To what extent do you agree with this statement?
Homicide is the collective term for both murder and manslaughter in England and Wales. Murder is a common law offence that has developed through the courts over time. The common definition of murder comes from Edward Coke who wrote, murder occurs when a person of sound body and mind unlawfully kills any human being under the Queen’s peace with malice aforethought.  This definition lays out both the actus reus and mens rea of the offence. The actus reus is uncontroversial: the killing of any human being during the Queen’s peace. This makes murder a result crime; liability flows from an action (or omission) of the defendant resulting in death. Controversy and academic debate surrounds the second part of the offence, namely the mens rea element. Malice aforethought has been interpreted by the courts as meaning with intent to kill or cause grievous bodily harm. It is this second interpretation of malice aforethought that brings the debate. It means a person can be convicted of the legal system’s ultimate, heinous crime despite a lack of intention to kill. Lord Steyn expressed the problem eloquently in R v Powell; “in English law, a defendant may be convicted of murder who is in no ordinary sense a murderer.” 
The proponents of change base their arguments around fair labelling, mandatory sentencing, interpretation of the current law and the contradictory results of as is. Debate only follows where there are two points of view, and despite the pitfalls of the current law on murder, there are proponents of the current system. The arguments for the current system revolve around the sanctity of life, difficulty of overcoming the evidential burden, a deterrent approach and a view of social responsibility. These differing viewpoints will be explored below in more detail.
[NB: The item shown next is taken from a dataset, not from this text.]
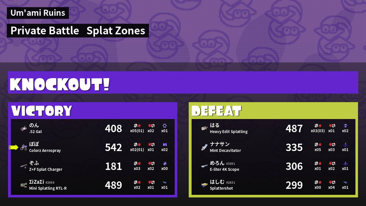 | Mode | Splat Zones - Private Battle | ||

One of the major complaints about the current law is based on the idea of fair labelling. In our society it is seen as unjust to label someone inaccurately, especially when that label is one of murderer. Glanville Williams wrote, “the particulars stated in the conviction should convey the degree of the offender’s moral guilt, or at least should not be positively misleading as to that guilt… In any case, a man may feel a sense of injustice if the terms of the conviction do not represent his real guilt.”  To be labelled a murderer without holding the intention to kill would not be representative of the defendants ‘real guilt’. Being convicted of murder not only results in a mandatory life sentence, but once, or if, the defendant leaves prison, the label remains. This will impact on that person’s life potentially destroying his family, his career and right to a normal life after serving his sentence. Roger highlights the problem of fair labelling, “present labels of murder and manslaughter are each much too broad and lose their core meaning on account of their breadth. The law of murder at present equates the paedophile who kills his victim to ensure his silence with the man who intends to cause grievous bodily harm because he is getting carried away in an argument, or perhaps in defending his property.” Society draws a great distinction between the two individual scenarios mentioned by Roger however the label of murderer does not. When this label is present, society tends to overlook the details of the individual circumstances and takes the label on its own.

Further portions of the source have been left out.